Biophysical simulation of a whole human heart has been driving the forefront of mathematical modeling and computing technology. We are developing electromechanical heart models individualized to image scans of individual patients. Such heart models incorporate structural, mechanical and electrophysiological remodeling effects associated with myocardial infarction from the molecular level up to the organ level. Our goal is to use this novel computational model to elucidate how myocardial infarction influences dyssynchronous heart failure, and thereby to help doctors improve the efficacy of the current clinical treatment approach, cardiac resynchronization therapy (CRT), which is not effective for 30% of heart failure patients who receive the CRT.

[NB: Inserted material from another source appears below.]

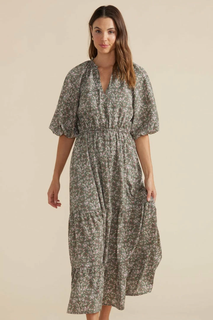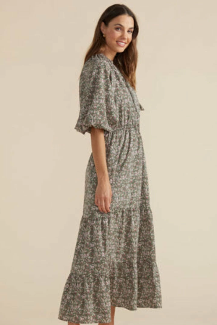 For the perfect all rounder look no further than the Neveah Midi Dress. An easy to wear shape with a blouson bodice, tiered skirt and an open neckline with ties.

Personalized heart models were generated from patients' contrast enhanced MRI scans by extrapolating ventricular geometry over the ICD artifact region; the latter was assumed to not contain infarcted tissue while outside the artifact, tissues were classified as normal, scar, and gray zone based on pixel intensity (Fig line 1). Application of Virtual-heart Arrhythmia Prediction (VARP) protocol from 26 sites induced in silico VT, and VT analysis predicted optimal ablation targets (Fig line 2). These targets coincided with the clinical ablation lesions but were smaller. Personalized ventricular models could accurately predict non-invasively the optimal VT ablation sites where scar was not obscured by ICD artifact, and thus might be used to guide clinical ablation.